Could you copy exactly the lines below, beginning at the line with "Ich habe die" and stopping after the line with "An English cottage", with no pictures?
INPUT FOR THIS TASK section start
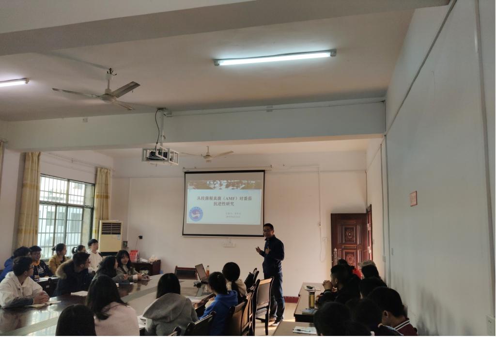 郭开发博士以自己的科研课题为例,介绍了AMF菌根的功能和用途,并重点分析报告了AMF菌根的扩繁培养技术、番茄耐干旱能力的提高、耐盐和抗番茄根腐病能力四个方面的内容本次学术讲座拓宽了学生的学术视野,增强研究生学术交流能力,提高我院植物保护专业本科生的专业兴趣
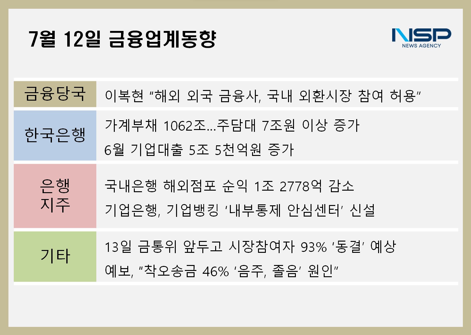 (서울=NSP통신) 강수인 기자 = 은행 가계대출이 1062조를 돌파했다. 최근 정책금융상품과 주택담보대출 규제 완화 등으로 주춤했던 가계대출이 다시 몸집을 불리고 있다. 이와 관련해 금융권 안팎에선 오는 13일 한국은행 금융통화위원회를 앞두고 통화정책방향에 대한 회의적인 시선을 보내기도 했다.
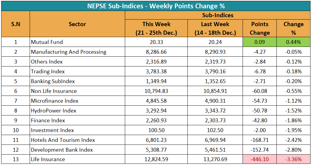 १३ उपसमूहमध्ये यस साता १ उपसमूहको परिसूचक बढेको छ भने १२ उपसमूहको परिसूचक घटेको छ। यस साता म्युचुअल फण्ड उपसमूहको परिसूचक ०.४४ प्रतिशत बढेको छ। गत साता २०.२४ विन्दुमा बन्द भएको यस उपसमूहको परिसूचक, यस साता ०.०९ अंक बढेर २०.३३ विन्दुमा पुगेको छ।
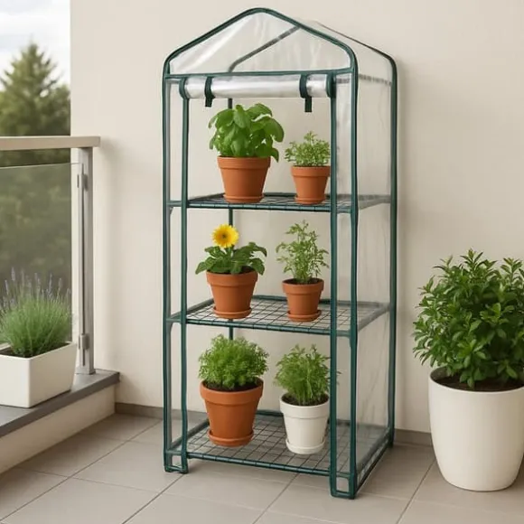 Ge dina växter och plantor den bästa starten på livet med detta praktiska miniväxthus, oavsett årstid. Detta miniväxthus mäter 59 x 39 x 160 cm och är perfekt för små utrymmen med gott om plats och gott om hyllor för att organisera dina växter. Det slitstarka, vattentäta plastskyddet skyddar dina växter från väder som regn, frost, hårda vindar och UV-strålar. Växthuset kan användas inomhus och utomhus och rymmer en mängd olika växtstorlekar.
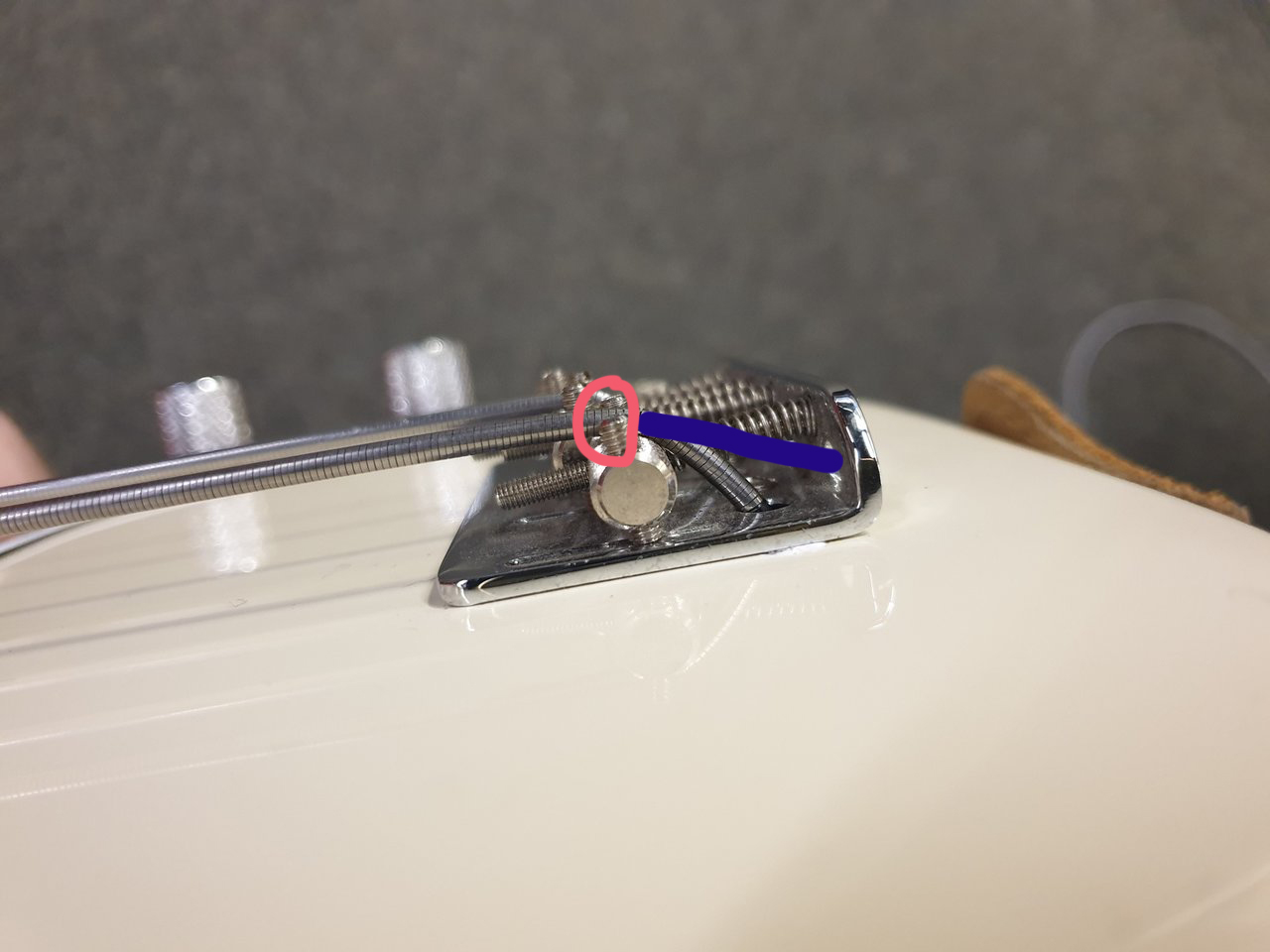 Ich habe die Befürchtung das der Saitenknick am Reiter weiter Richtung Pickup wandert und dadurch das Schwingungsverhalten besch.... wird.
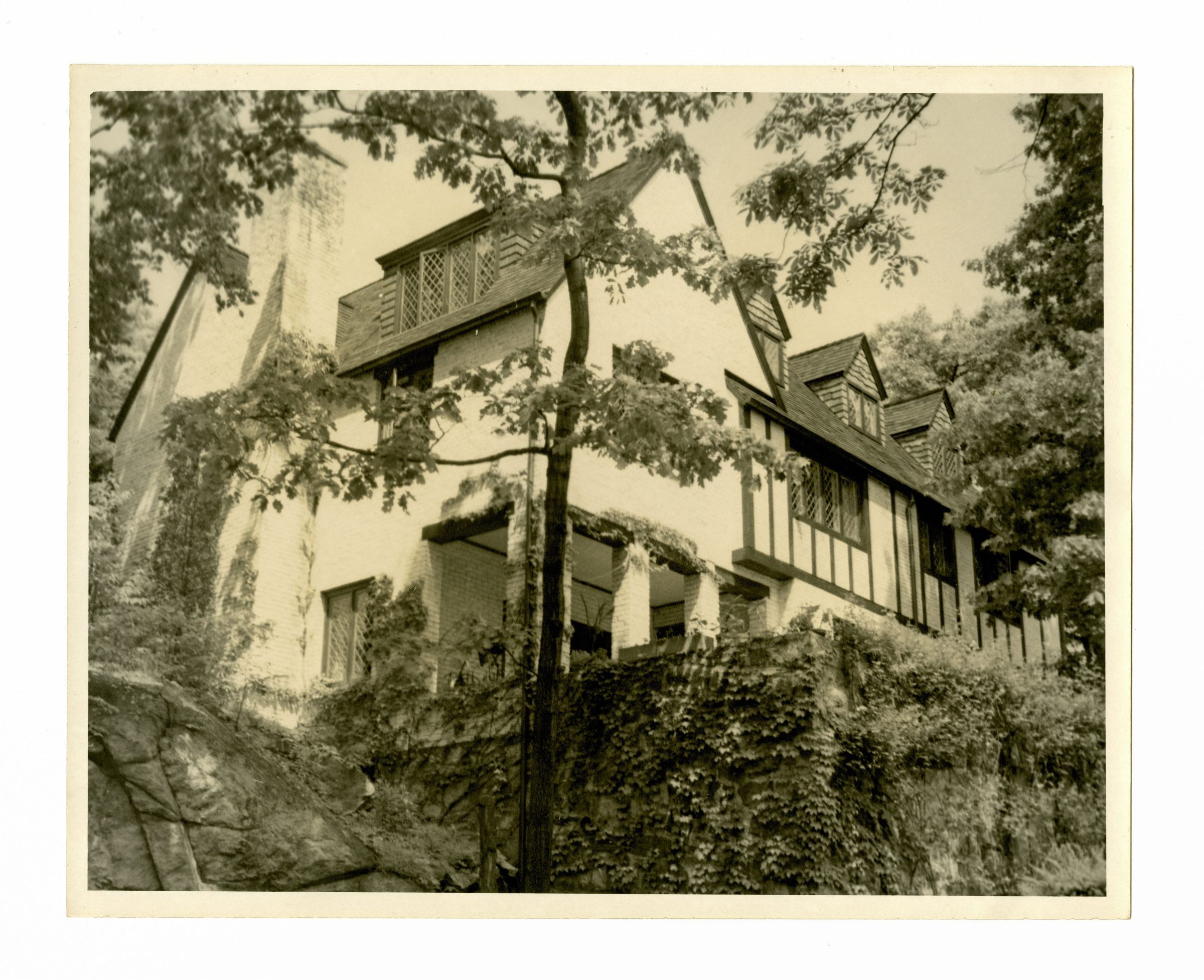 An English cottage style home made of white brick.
INPUT FOR THIS TASK section end
INPUT FOR THIS TASK section start
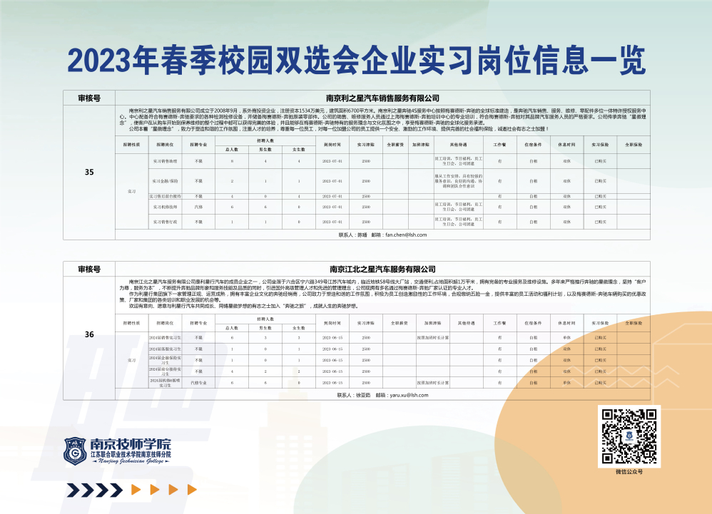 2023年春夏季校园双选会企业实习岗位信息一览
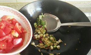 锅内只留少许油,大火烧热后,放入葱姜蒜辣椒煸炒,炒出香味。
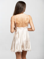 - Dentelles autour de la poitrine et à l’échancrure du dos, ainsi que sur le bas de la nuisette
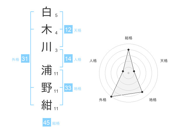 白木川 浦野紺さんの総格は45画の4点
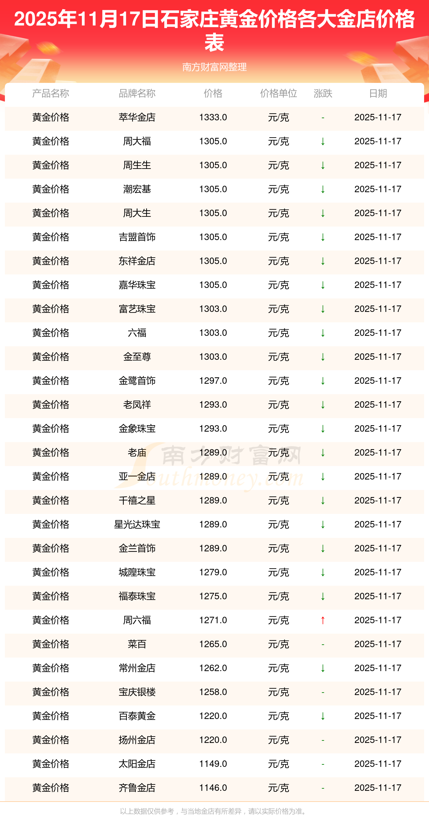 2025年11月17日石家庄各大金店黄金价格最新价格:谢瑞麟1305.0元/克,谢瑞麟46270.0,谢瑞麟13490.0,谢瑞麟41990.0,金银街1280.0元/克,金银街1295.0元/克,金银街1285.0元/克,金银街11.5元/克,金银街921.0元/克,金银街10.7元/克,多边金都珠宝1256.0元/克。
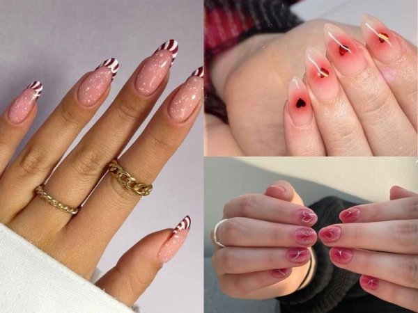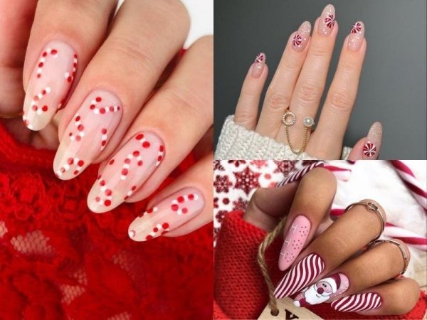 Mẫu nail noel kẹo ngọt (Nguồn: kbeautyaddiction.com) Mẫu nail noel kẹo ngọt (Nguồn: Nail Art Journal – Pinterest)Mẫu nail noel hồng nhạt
INPUT FOR THIS TASK section end
** COMPLETED EXERCISE **
 Ich habe die Befürchtung das der Saitenknick am Reiter weiter Richtung Pickup wandert und dadurch das Schwingungsverhalten besch.... wird.
 An English cottage style home made of white brick.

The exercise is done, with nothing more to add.